• EXERCISE DATA:
-----

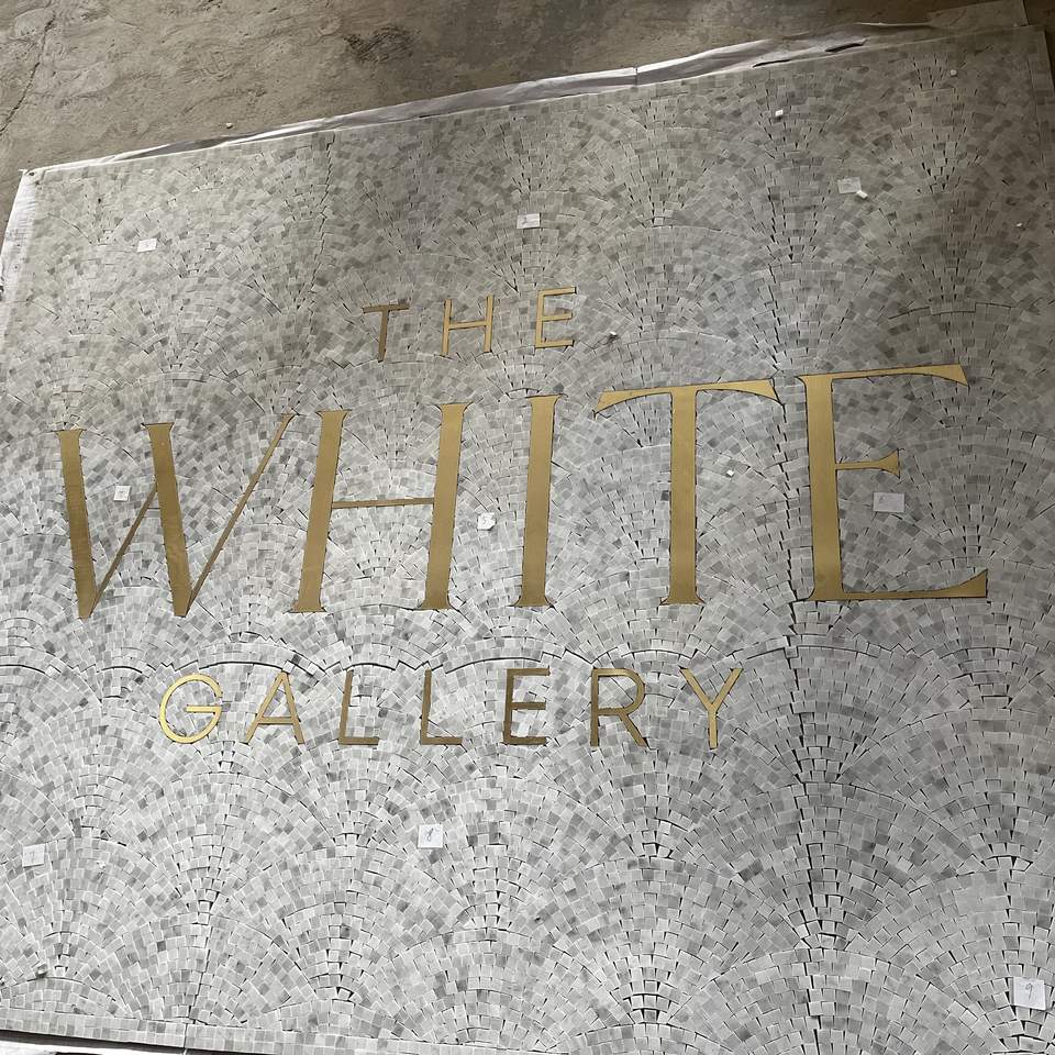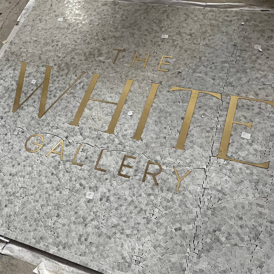 Mosaico de chorro de agua, medallón mural, letras de latón dorado, logotipo
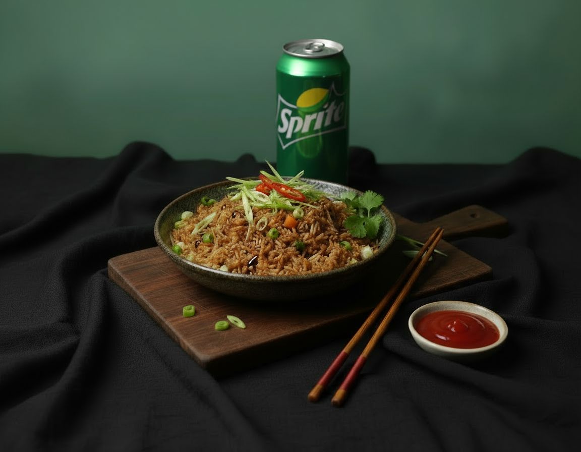 Classic Indo-Chinese stir-fry: boiled rice embraced by fluffy scrambled eggs and a colorful medley of bell peppers, carrots, and cabbage in savory soy sauce, chilli sauce and vinegar!
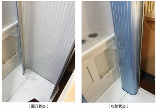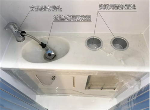 床鋪對(duì)面是房車衛(wèi)生間,為節(jié)省有限空間,本款房車采用開(kāi)放式衛(wèi)生間,衛(wèi)生間內(nèi)設(shè)有衛(wèi)生間洗手池總成,配有抽拉式兩用花灑可淋浴、洗手、洗頭,集多種洗浴功能于一體,還有便攜式馬桶、梳妝鏡、鏡前燈、帶防水蓋插座、毛巾架等家用衛(wèi)浴設(shè)施,同時(shí)配有電熱水器和燃油加熱器,燃油式加熱系統(tǒng)擁有即熱式熱水器和室內(nèi)暖風(fēng)的功能,短短幾分鐘,可為洗浴提供充足的熱水,就可以洗上舒服的熱水澡。為保證洗浴和如廁隱私,可沿滑道拉出兩邊的鋁制卷簾門形成獨(dú)立的洗浴空間,還能起到防水功能,而且整個(gè)衛(wèi)生間都作了防水處理,平時(shí)可推進(jìn)兩邊的鋁制卷簾門收入內(nèi)滑圈以收卷形式節(jié)省空間。
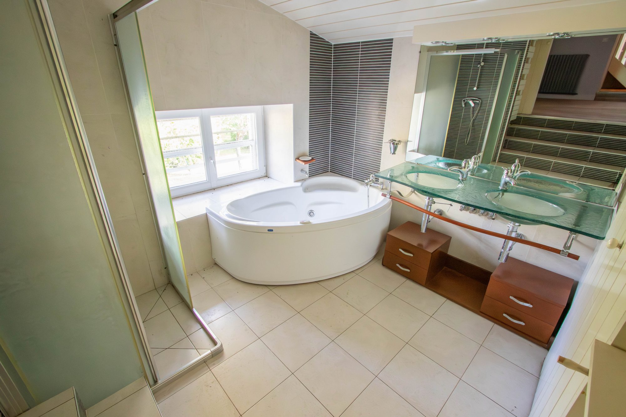 SDB AVEC BAIGNOIRE DOUCHE ET DOUBLE VASQUE

-----

• EXERCISE REQUIREMENTS: An exact copy of the lines above, from the first through the line that holds "Classic Indo-Chinese stir-fry: boiled", is what is needed; leave the pictures out.

• RESULT:
 Mosaico de chorro de agua, medallón mural, letras de latón dorado, logotipo
 Classic Indo-Chinese stir-fry: boiled rice embraced by fluffy scrambled eggs and a colorful medley of bell peppers, carrots, and cabbage in savory soy sauce, chilli sauce and vinegar!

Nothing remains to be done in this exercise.